Ingredients
Method
- Step 1: Prepare the Street Corn Topping
- Heat 2 tbsp of olive oil in a large skillet over medium-high heat.
- Add the corn and cook, stirring frequently, until it starts to char (about 5-7 minutes). Let it cool.
- In a large bowl, mix mayonnaise, lime juice and zest, minced garlic, Tajin, chili powder, salt, and pepper.
- Stir in the charred corn, cilantro, scallions, diced jalapeno, and grated cotija cheese. Mix well and set aside.
Step 2: Make the Creamy Jalapeno Sauce
- Blend cilantro leaves, pickled jalapenos, and their juice in a food processor until finely minced.
- In a separate bowl, whisk together mayonnaise, sour cream, ranch seasoning, garlic powder, and salt.
- Stir in the cilantro-jalapeno blend and lime juice.
- Add buttermilk (a little at a time) until the sauce reaches desired consistency.
Step 3: Smash and Sizzle
- Divide the ground beef into six portions (about 3.5 oz each).
- Press each portion thinly onto a flour tortilla, slightly overlapping the edges to allow for shrinkage while cooking.

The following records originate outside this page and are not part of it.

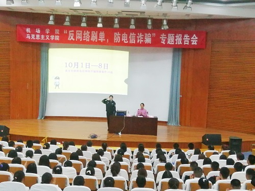 为增强学生法治观念和安全防范意识,避免财产遭受损失,有效维护学校的安全稳定, 10月11日晚,365上市公司与马克思主义学院在滨州学院第二报告厅联合举办以“反网络刷单,防电信诈骗”为主题的专项教育宣讲活动,彭李派出所张晓芳警官主讲, 2020级全体新生到场参加。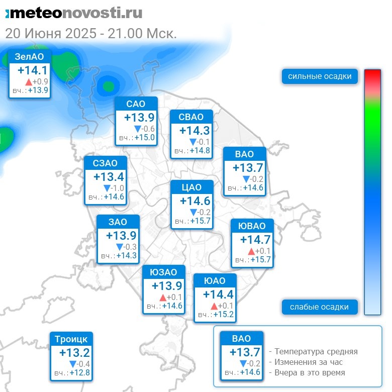В 21:00 в Москве было от +13.1°C до +15°C, средняя температура +14°C #погода #Москва #лето #температура #20июня #пятница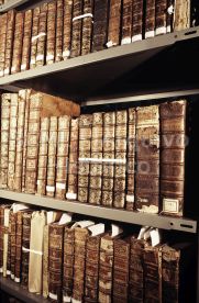 [Pormenor de uma estante com livros, nas instalações do Arquivo Histórico da Santa Casa da Misericórdia de Lisboa, sitas na Avenida D. Carlos I]
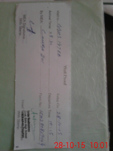 | Monitoring Date: 28-10-2015 | Start Time: 28-10-2015 08:29 AM | End Time: 28-10-2015 10:05 AM | Name of MEA: Ch**** Di**** | |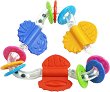 Бебешката играчка от Bondigo ще бъде чудесна първа играчка за вашето бебе, която развива неговите сетива. Тя разполага с рингове и цветни топчета, които дрънкат при разклащане. Освен това им чесалка, която облекчава венците на бебчето при никнене на зъбките. Със своята триъгълна форма осигурява лесен захват за най-малките. ... |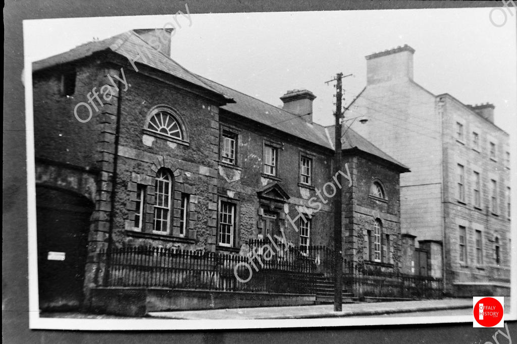 The valuers of 1843 noted that the Crawford house was occupied by Neal Browne J.P. who was said to be paying £70 a year for it to a Major Crawford who lived in Naas. It was at the time described as an old house, but well finished. It was out of use as a police barrack and residence for the magistrate by 1854. At that time it was occupied by land agent Dawson French J.P who died in 1889. He and some of his family are buried in Clonminch Church of Ireland cemetery. By the 1840s the police barracks had been moved to GV No. 4 High Street (later G. N. Walshe shop, south of Brewery Tap) and appears to have been located there until the 1890s.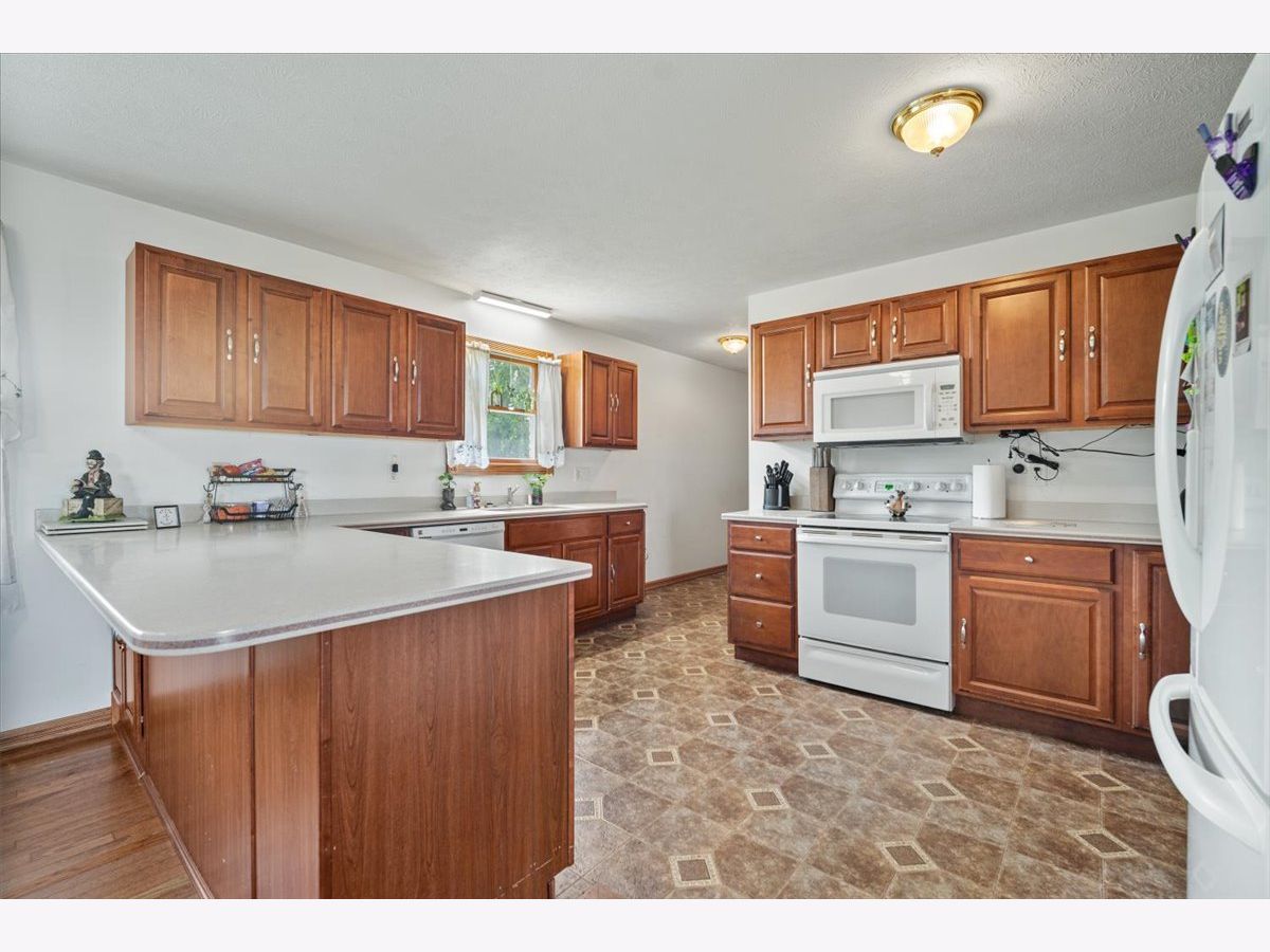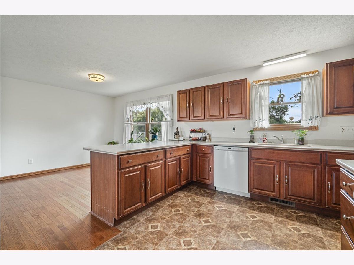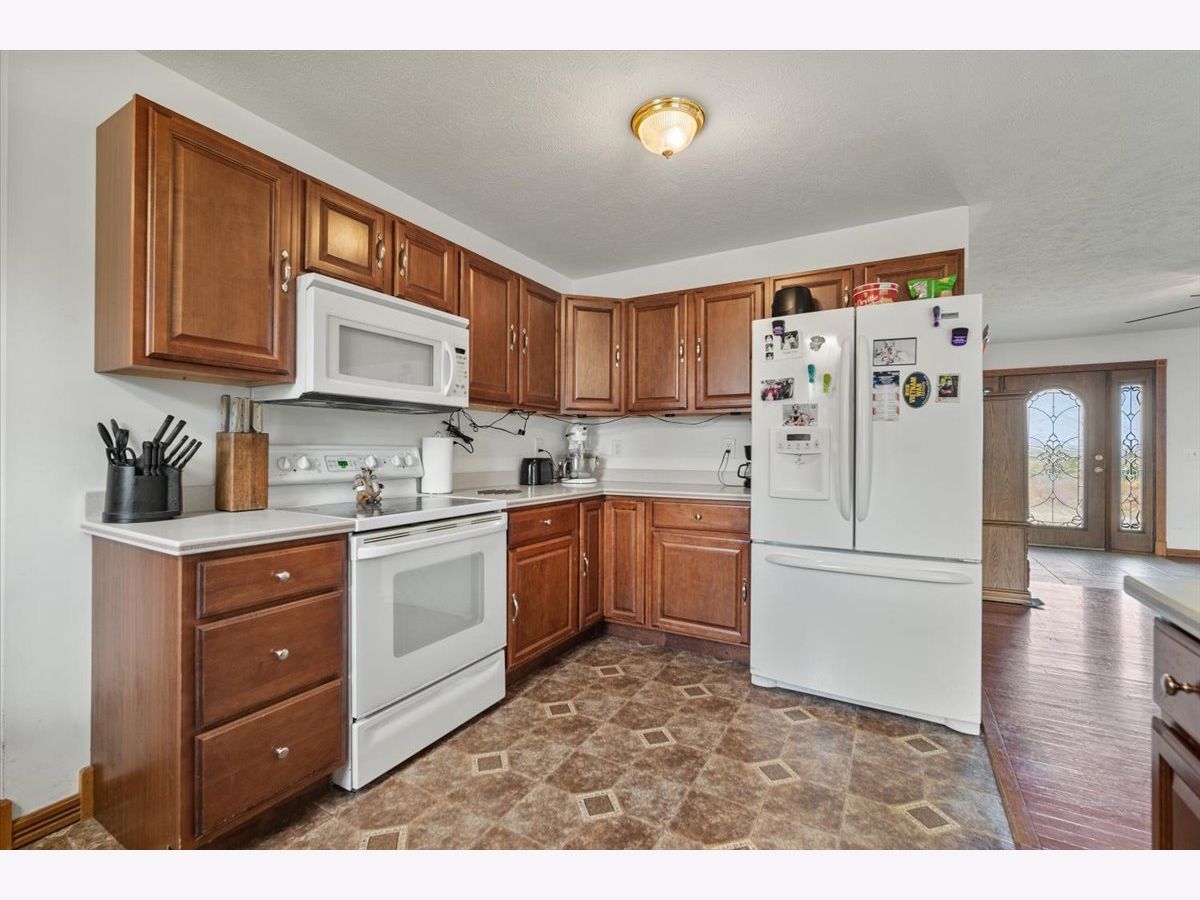 All-Brick Ranch on a Private Lot with Open-Concept Living! Welcome home to this beautifully maintained all-brick ranch, set on a peaceful and private lot. A full-length 8x60 covered front porch with stamped concrete welcomes you inside, where the spacious open living room greets you with gleaming hardwood floors and abundant natural light. The dining area flows seamlessly into a classic kitchen featuring oak cabinetry, Corian countertops, a convenient peninsula, and a complete appliance package-perfect for both everyday living and entertaining. The primary suite offers a comfortable retreat with a walk-in closet and a private bath, recently updated with a new walk-in shower, soaking tub, and ceramic tile floors. Two additional bedrooms, each with lighted ceiling fans, share a full hall bath. Original woodwork and Anderson windows add timeless quality throughout the home. Main floor conveniences include a laundry room and access to the expansive full basement with soaring 9' ceilings-ready for your finishing touch. Enjoy outdoor living with a concrete patio and the efficiency of geothermal heating, a dewatering system, and solar panels. All electric household with the monthly bill less than $20. The oversized 2-car garage (24x30) includes double doors in front and a handy single door at the back for easy access. 3 addtl lots to the East of the home (to the brush line) are included. This home combines comfort, quality, and energy efficiency in a serene setting-don't miss the chance to make it yours!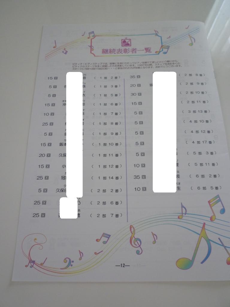 ピアノステップを含む、ピティナのステージに参加した回数で 表彰されるものですが、

- Season with salt and pepper.
- Heat a griddle or large skillet over high heat.
- Place the tortillas meat-side down and press firmly with a spatula or burger press.
- Cook undisturbed for 2-3 minutes until a crispy crust forms.
- Flip and cook for another 1-2 minutes.
Step 4: Assemble the Smash Burger Tacos
- Remove the cooked smash burgers from the heat.
- Top each with a generous scoop of the street corn mixture.
- Drizzle with the creamy jalapeno sauce.
- Sprinkle with queso fresco or cotija cheese.
- Add hot sauce if desired.
Notes
- Make ahead! The street corn topping and creamy jalapeno sauce can be prepared a day in advance and stored in the fridge for up to 4 days.
- Use fresh tortillas for the best texture and flavor.
- Want extra crunch? Toast the tortillas lightly before assembling.